Growing up I always wanted girls, a house full of girls, I wanted to dress them up, bows, lots of pink etc etc. I was so depressed finding out the gender of my son, I was CRUSHED. I didn't even go out and buy anything for awhile. Secretly hoping they had it wrong even though I had the proof. He's here now and I love him to pieces, I just couldn't imagine him not being "him". He's so fun, sweet, caring, wild and a total mama''s boy! Anyways I guess the question is, even though we were disappointed the first time, why is it women get disappointed the other times, when we know we would love them more than our hearts can take? I don't understand my husband either really. He REALLY wants a girl next, but honestly I would LOVE another son, I think I have came to terms that all boys would be so awesome (but I would be thrilled about a girl too, that's why I don't see the point on knowing the gender next time) I honestly believe my husband would have gender disappointment the next time around when its a boy (let's face it, we are destined for all boys, nobody in his family that is a male has had a girl in over 50 years.) I just always say, how can you say that? Haiden is so wonderful, don't you think you would love the next boy just as much? It makes me sad, cause I feel that if we did have a girl, he would favorite her more, so it makes me want another boy a tad more. I personally love all the boy things, nothing is complicated, dressing is easy, and they have so many cute clothes and amazing toys. I feel weird asking this, cause I felt gender disappointment, but I get curious asking and wanting to know, cause all of us know that in the end we wouldn't have it any other way.


----------



## ILoveYouZandT

I wasn't disappointed with my first. I knew pretty much from conception that he was a boy. And I was right, even though I still wanted a girl. The second time I still wanted a girl, and thought he was (I should have known otherwise if I had paid more attention to signs rather than desires). And I was far more surprised than disappointed. Then I went shopping right away and knew we would try one more time to give them a little sister. 

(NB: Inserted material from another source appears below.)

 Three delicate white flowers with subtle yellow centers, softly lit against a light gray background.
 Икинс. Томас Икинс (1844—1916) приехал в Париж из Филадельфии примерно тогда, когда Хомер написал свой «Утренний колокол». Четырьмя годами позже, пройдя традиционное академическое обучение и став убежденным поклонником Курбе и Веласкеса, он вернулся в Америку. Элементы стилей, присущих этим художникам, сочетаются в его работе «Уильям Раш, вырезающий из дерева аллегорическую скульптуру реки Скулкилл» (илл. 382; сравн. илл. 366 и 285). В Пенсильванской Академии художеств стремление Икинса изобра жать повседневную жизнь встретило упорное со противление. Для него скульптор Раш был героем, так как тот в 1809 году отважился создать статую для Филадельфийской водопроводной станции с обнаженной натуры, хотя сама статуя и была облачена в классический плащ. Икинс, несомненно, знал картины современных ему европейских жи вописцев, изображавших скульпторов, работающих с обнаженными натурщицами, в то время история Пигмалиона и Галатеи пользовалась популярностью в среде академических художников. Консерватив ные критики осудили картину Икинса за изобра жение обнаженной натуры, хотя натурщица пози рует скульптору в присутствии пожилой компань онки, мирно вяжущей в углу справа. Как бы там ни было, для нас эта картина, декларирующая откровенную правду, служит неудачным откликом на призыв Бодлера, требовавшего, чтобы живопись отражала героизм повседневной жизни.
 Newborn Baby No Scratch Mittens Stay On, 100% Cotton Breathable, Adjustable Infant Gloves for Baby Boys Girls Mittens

So with my last the gender situation was a HUGE deal for me. It was pretty much like "holy crap this is my last chance for a daughter!!". Not that I wouldn't love another son, I just wanted the other experience. But we're having her, and I couldn't be any more pleased!! 

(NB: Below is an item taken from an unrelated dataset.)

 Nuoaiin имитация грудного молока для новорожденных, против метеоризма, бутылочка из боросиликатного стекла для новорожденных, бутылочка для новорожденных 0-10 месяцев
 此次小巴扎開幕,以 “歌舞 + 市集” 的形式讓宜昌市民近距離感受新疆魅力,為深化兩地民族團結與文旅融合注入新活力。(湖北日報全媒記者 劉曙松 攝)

It's hard to explain. But in my case it's not a matter of loving another boy any less.. But that I'm not going to just keep popping out children until I get a desired gender. Our limit was 3, and if she didn't come as one of those three she would never be. And I just deeply felt my son's would have or should have a baby sister. It's soo hard to explain.


----------



## jenniferttc1

Thanks for you answer, I guess im trying to look for an explanation for how my husband feels. It's so weird cause I did a total 180 with wanting all girls, to loving little boys. I almost kinda feel over protective over him, especially when others comment about a girl next time around....I HATE when other people do that! Congrats on your baby girl!!!!


----------



## Ava Grace

I think the worst thing for me is other peoples reactions. I'm a real girly girl and first time around I didn't care what the sex was and like you I totally adore my little boy!! But this time everyone has said they hope it's a girl for my sake. I'm having a boy and have kept it a secret because I don't want to hear other peoples dissaointment. I think that for some reason society seems to think that the perfect family is boy then girl - if you look at adverts with children on it's always boy, girl. I find this quite annoying! 
I do understand your husband wanting one of each and I have to say I struggled to imagine life without pink in it but once baby is here I know I will adore him like I do Spencer and I just need to deal with everyone elses silky comments!!! X


----------



## Rhi_Rhi1

I don't really know how to word my answer, (bloody internet lol) but I feel like i am missing out, (how awful does that sound) I know i wouldn't love them any less, no way. I just want to do the other stuff, Have tea parties, buy pink !! have a princess room (or w.e) I have done the cars and the ninja turtles lol, I would love for someone to want to sit down and watch a Disney movie with me (my son hates them- except cars) If i had of had a girl first i would want a boy next, i suppose i am just greedy :/ lol x


----------



## Guppy051708

For me its less about being disappointed that its another boy than it is that im missing out on a mother-daughter relationship. ALL of us love our boys, just as you do. We cant imagine them being someone else. They have our hearts. But its not wanting another boy. Its about missing out on that very special bond w a daughter. Two was going to be our max so when i found out DS2 was a boy i was grieving "the loss" of a daughter. It wasnt that i didnt love him or didnt want him :nope: but at that point i thought thats all we were having which means i was upset about not every experiencing that special relationship with a girl. DH and i agreed to try for a third. Which tbh is pushing it for us bc we have zero support. No friends and no family nearby, etc. but he knew my hearts desire. AND he wanted a daughter the second time around as well, so he was on board w trying one last final time for a girl. If our final baby is another boy, i know once he is in my arms ill love him just like you love your boy. I would never change my children. I love them the way that they are. My DH feels exactly the same way. Again, its not about changing our current babies and who they are, but its coping with the loss of a relationship we never had. We cannot have more than three kids. So this IS it. It would be nice to experience another gender and the ties that come w that....i think its natural to want that anyways.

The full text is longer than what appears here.